(Dataset entries)
★ ★ ★ ★

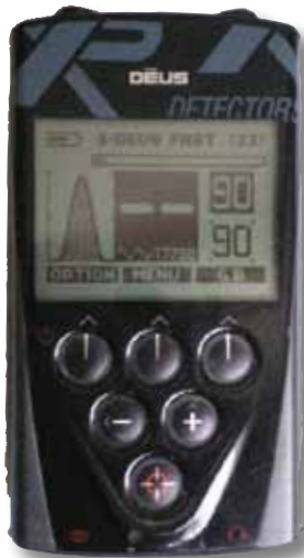
Remote with LCD activated.

The remote control also has its own black leather and clear plastic case for belt-mounting with its innovative "flop down" magnetic flap to view the readings on the LCD screen. (For when it's raining?) Otherwise, without its case, the remote control "sticks" on the magnetic head of the top shaft. (It will soon be available with Velcro straps so as to be able to be worn on the sleeve or arm).
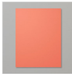
Calypso Coral 8-1/2" X 11" Cardstock - 122925
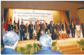
Opening ceremony of 13 th PAQS Congress
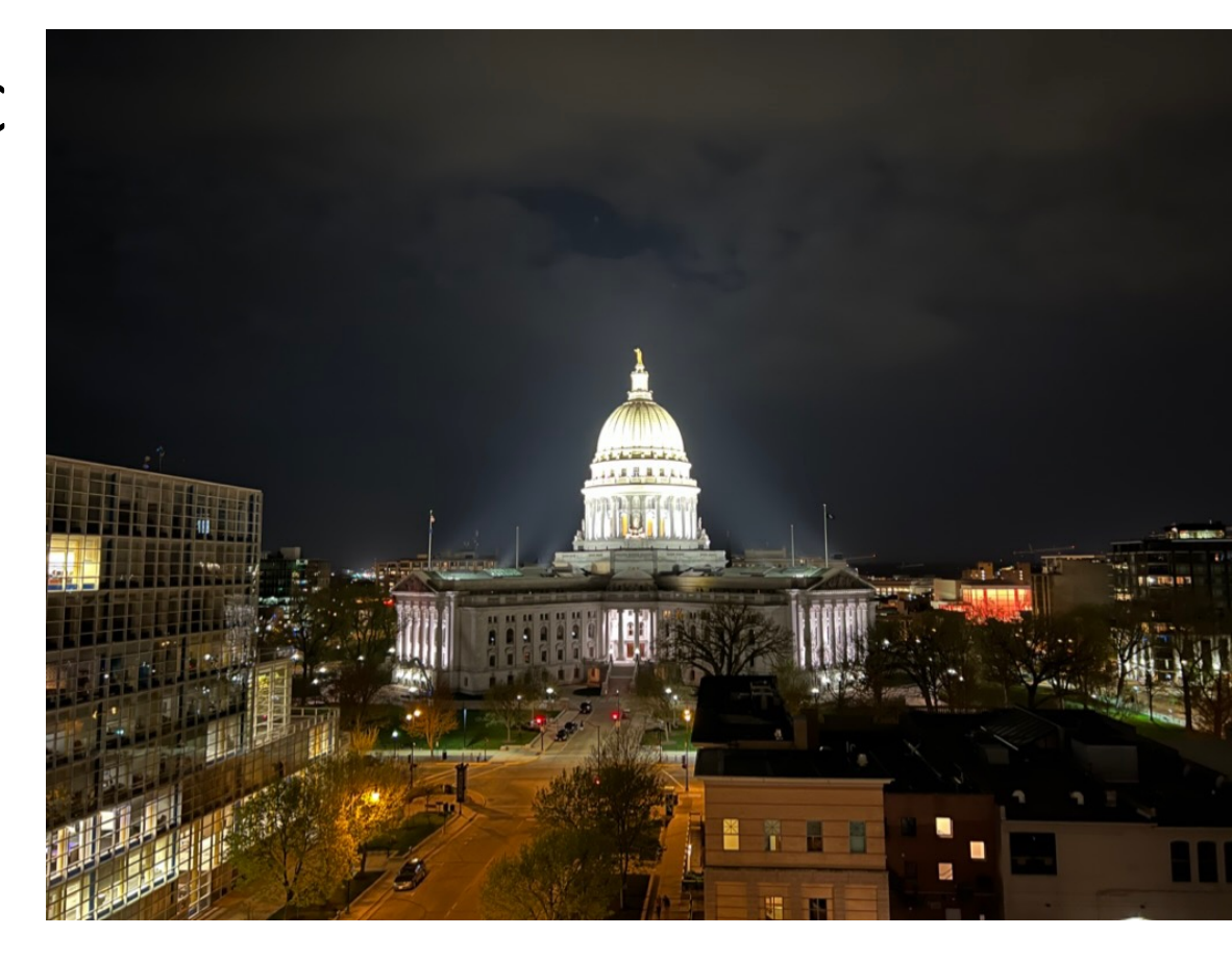
While there, make sure to catch a view of the capitol building!
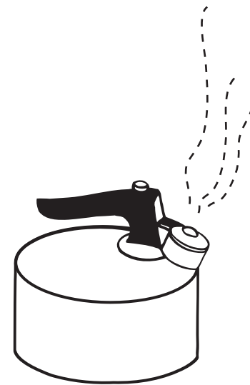
Steam from teapot
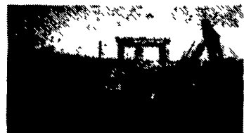
JD 310A 1981 Cab, Low Hours, New Rear Tires, Nice $10,500
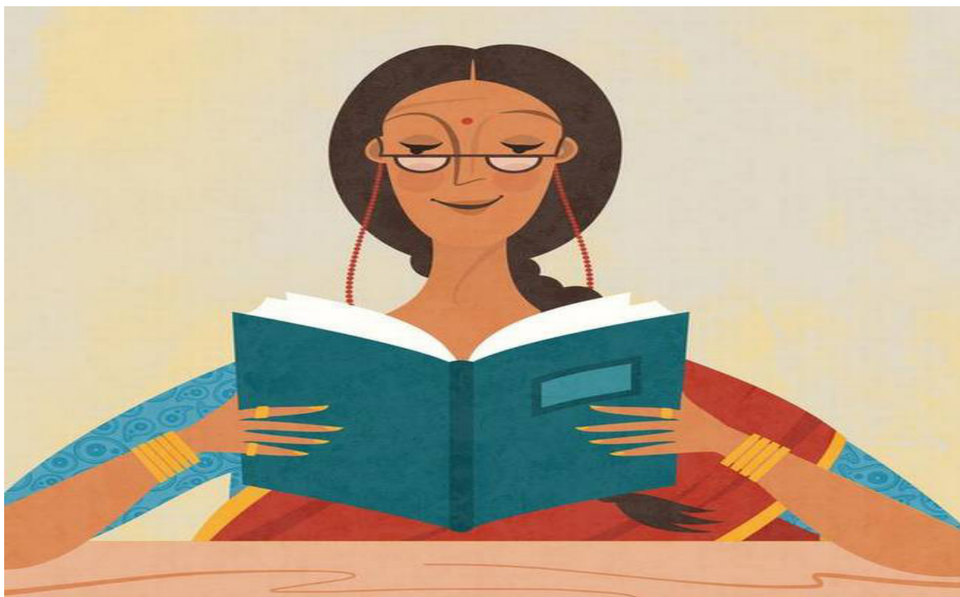
A girl who wears a saree or suit fights for the rights of women who are victims of domestic violence. A lady who fights for gay rights might be a feminist too. A man who strongly believes that all girls should be allowed to go

Now, people crib about the fact that they have to bear the burden of wearing a bra, that they have to shave their legs, that they are shamed for wearing short dresses. These are all issues, I agree, but they don't qualify to be feminist in nature.
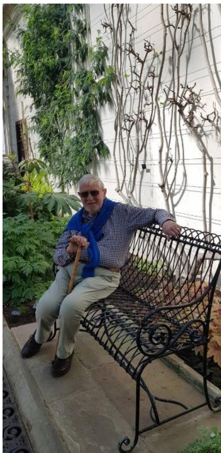
u3a poet seeking inspiration in Lyme Orangery

"Now as I was young...." I would cheerfully Lace up my boots and trample Full of energy on Kinder's slopes, Scrambling on gritstone track Or standing solemn At the crumbled edge of Some deep, peat, grough, To view the incongruous metal litter Of a B24 Liberator, fatally mis-led By altimeter or pilot error to Make moorland graves For its young fliers. Now, at the slightest incline I must stop for breath - Pause - whilst the battery-box, (So neatly implanted Beneath my shoulder), Regulates my ailing heartbeat And restores my willpower.
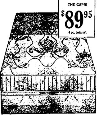
Mattress, box spring, headboard, metal frame
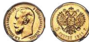
32167 Nicholas II gold 5 Roubles 1911-ЭБ MS63 NGC, St. Petersburg mint, KM-Y62, Bit-37 (R). Obv. Bust of Nicholas II left. Rev. Crowned Imperial eagle with date and value below. The final and key date for the type, struck to an original mintage of 100,000 pieces—an already low figure—though very few survived the melting pot at all, let alone in choice condition. On the whole, this particular specimen retains much mint brightness to the surfaces with only a few scattered tiny marks, none of which prove singularly distracting. Reserve: $5,000
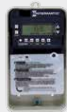
Seasonal Adjustment Timers
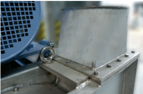
Fig. 6: ... as well as with exchangeable suction and pressure nozzles.
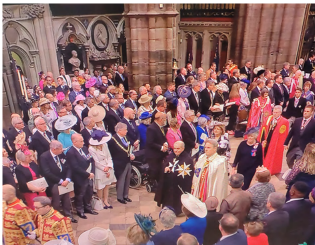
Our Lord Prior in King Charles III's Coronation Procession

★ ★ ★ ★

* **TASK TO CARRY OUT**
Leaving out the pictures, return exactly the lines from the one that contains "Fig. 6: ... as" through the last line of the records above, inclusive.

* **RESULT**
Fig. 6: ... as well as with exchangeable suction and pressure nozzles.
Our Lord Prior in King Charles III's Coronation Procession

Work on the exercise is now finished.